__TASK INSTRUCTIONS__:
Each line of the listing below must be retyped exactly, with images left out.

__RECORDED DATA__:

===

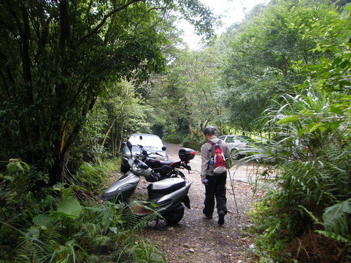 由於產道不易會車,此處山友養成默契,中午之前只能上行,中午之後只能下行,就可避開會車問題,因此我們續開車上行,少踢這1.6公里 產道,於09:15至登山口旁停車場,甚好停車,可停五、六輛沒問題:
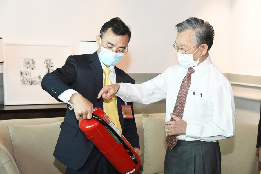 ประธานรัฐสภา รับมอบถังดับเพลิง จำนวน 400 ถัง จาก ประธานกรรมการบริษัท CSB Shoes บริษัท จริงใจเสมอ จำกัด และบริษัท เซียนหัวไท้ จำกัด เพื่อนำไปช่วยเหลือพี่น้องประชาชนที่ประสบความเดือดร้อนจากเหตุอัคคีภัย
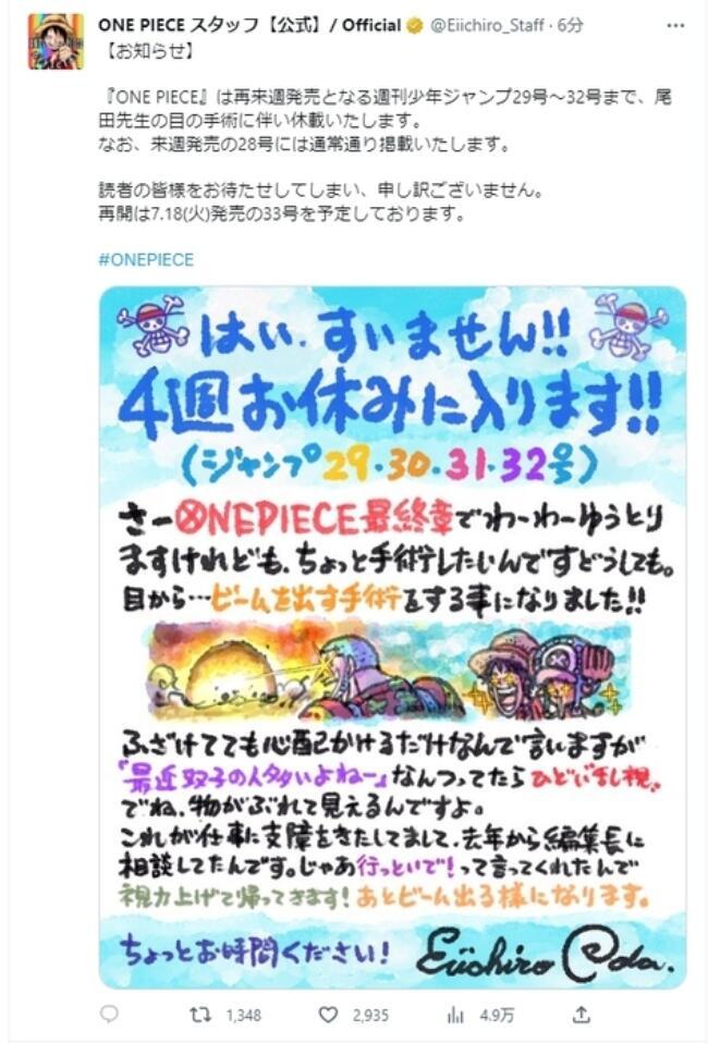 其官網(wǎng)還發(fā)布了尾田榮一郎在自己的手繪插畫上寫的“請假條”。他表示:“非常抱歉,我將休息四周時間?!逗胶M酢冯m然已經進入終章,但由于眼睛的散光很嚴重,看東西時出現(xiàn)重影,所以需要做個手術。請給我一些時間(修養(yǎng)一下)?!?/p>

===

__ANSWER SPACE__:
 由於產道不易會車,此處山友養成默契,中午之前只能上行,中午之後只能下行,就可避開會車問題,因此我們續開車上行,少踢這1.6公里 產道,於09:15至登山口旁停車場,甚好停車,可停五、六輛沒問題:
 ประธานรัฐสภา รับมอบถังดับเพลิง จำนวน 400 ถัง จาก ประธานกรรมการบริษัท CSB Shoes บริษัท จริงใจเสมอ จำกัด และบริษัท เซียนหัวไท้ จำกัด เพื่อนำไปช่วยเหลือพี่น้องประชาชนที่ประสบความเดือดร้อนจากเหตุอัคคีภัย
 其官網(wǎng)還發(fā)布了尾田榮一郎在自己的手繪插畫上寫的“請假條”。他表示:“非常抱歉,我將休息四周時間?!逗胶M酢冯m然已經進入終章,但由于眼睛的散光很嚴重,看東西時出現(xiàn)重影,所以需要做個手術。請給我一些時間(修養(yǎng)一下)?!?/p>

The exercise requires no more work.